12:30—2:00 PM
Center for Global Development
2055 L Street NW
- Fifth Floor
Washington, DC 20036

Growing Revenue and Shrinking Waistlines: Are Soda Taxes a Win-Win Model in Middle-Income Countries?

Sharon Nakhimovsky
Sr. Analyst, International Health, Abt Associates

Andrea Feigl
Associate, International Health, Abt Associates

Ricardo Fenochietto
Senior Economist, Fiscal Affairs Department, International Monetary Fund

Claire Wang
Associate Professor, Mailman School of Public Health, Columbia University

Sebastian Bauhoff
Research Fellow, Center for Global Development

Consumption of sugar-sweetened beverages (SSBs), which can lead to weight gain, is rising in middle-income countries (MICs) in tandem with the prevalence of obesity. Evidence from high-income countries suggests that taxing sodas may reduce consumption, and governments in many MICs are considering such taxes.

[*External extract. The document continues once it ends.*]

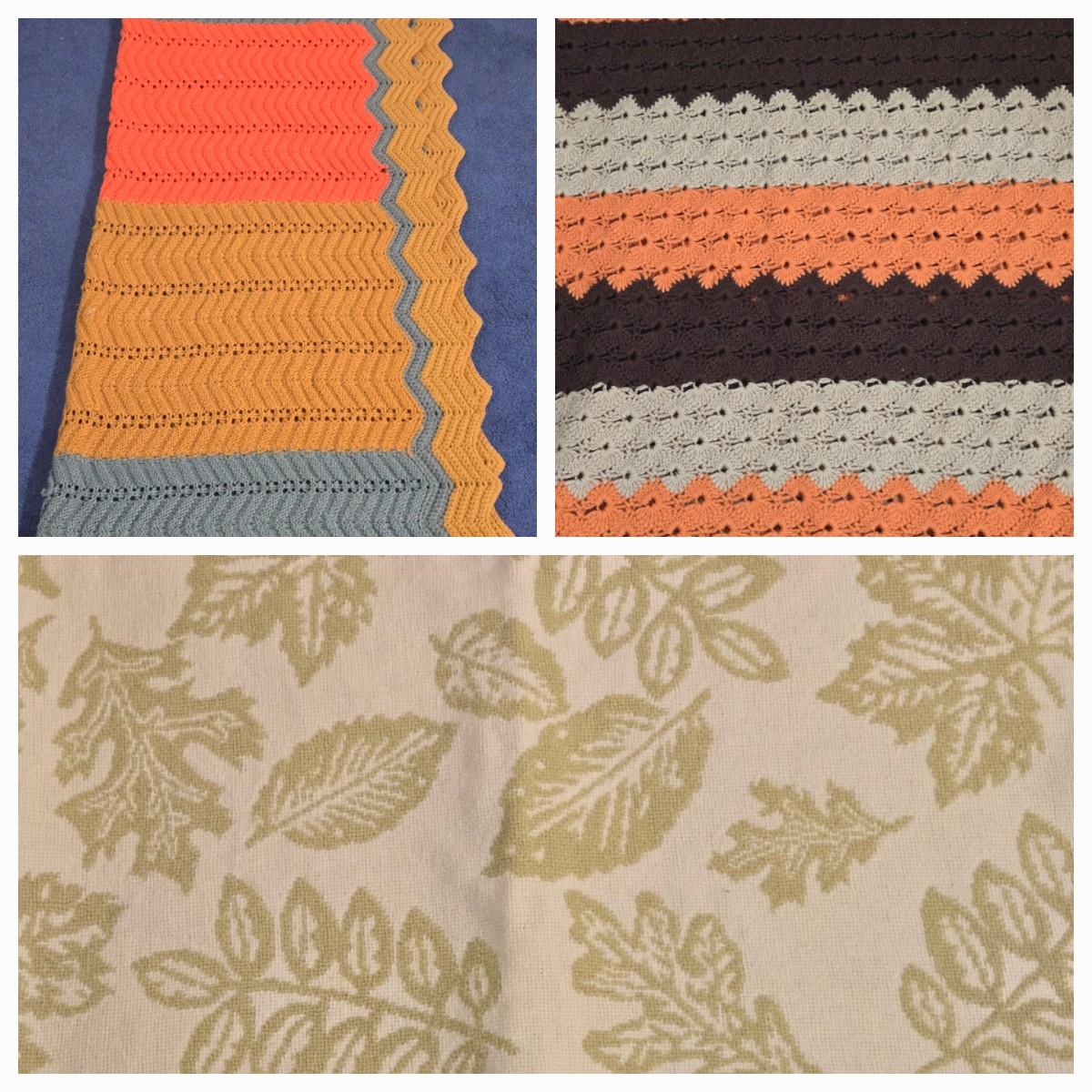 LOT 32L: Two Hand Crocheted Afghan Blankets & Reversible Leaf Blanket

In this seminar, Sharon Nakhimovsky and Andrea Feigl will present findings from a systematic review of ten observational studies from Brazil, Ecuador, India, Mexico, Peru, and South Africa that assess post-tax price increases, change in demand for SSBs and other products overall and by socio-economic groups, and the effect of SSB price change on obesity prevalence. The review indicates that price increases from a tax may result in reduced consumption of SSBs. Evidence also suggests a negative relationship between SSB prices and obesity prevalence, after accounting for substitution effects. Based on this analysis, taxes on SSBs may be a promising policy tool for MICs to address rising obesity prevalence.